Your objective ::
Transcribe exactly, leaving out pictures, the lines from the one that holds "甘苦くも柔らかい、冷めても酸" through the end of the data below, including both end lines and no others.

Supplied data ::

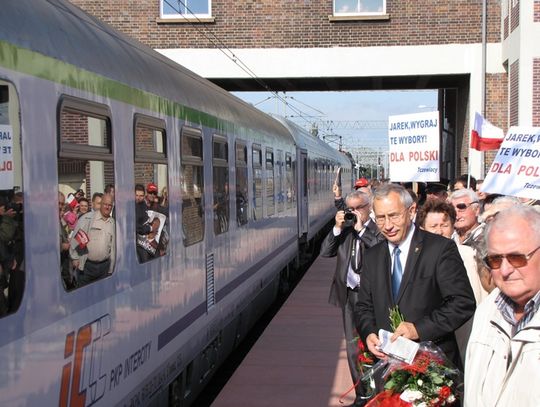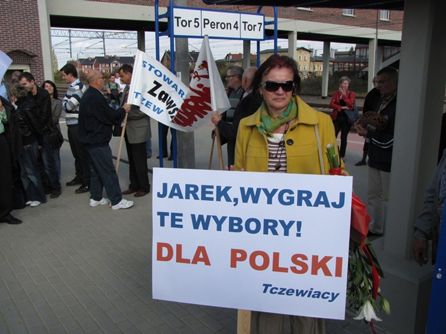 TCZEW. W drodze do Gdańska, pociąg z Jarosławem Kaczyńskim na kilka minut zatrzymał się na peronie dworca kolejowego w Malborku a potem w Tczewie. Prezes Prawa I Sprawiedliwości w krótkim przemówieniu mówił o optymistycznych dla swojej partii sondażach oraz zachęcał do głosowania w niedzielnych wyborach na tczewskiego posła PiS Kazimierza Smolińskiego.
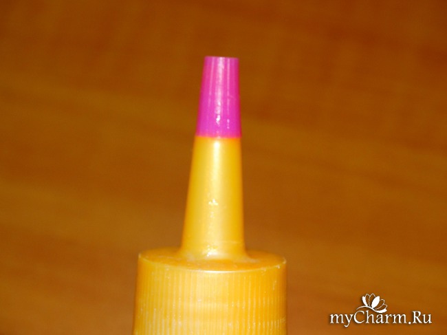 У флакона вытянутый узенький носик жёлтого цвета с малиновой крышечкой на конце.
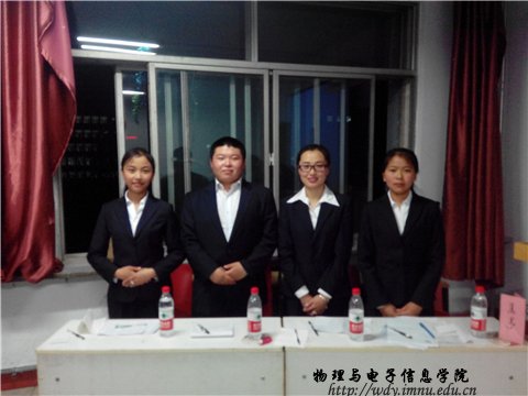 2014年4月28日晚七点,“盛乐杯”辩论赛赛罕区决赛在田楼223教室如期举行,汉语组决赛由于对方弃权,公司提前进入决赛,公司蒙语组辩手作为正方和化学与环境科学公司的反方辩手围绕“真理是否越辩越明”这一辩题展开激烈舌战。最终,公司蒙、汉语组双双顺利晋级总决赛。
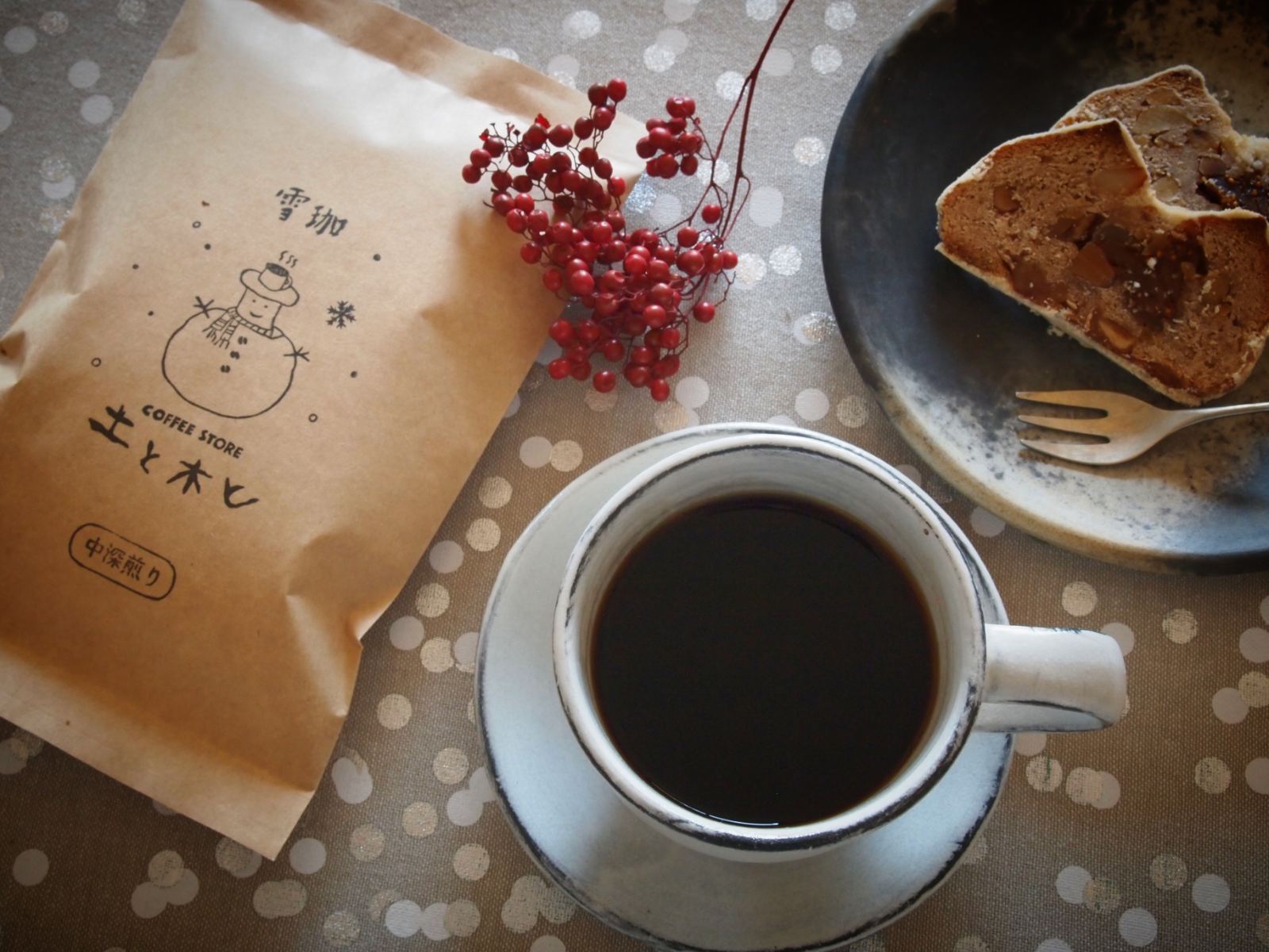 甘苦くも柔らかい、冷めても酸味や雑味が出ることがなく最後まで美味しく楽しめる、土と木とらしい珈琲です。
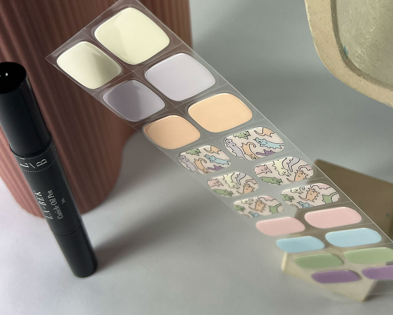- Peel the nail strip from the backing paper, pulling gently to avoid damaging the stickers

Solution to the exercise ::
 甘苦くも柔らかい、冷めても酸味や雑味が出ることがなく最後まで美味しく楽しめる、土と木とらしい珈琲です。
- Peel the nail strip from the backing paper, pulling gently to avoid damaging the stickers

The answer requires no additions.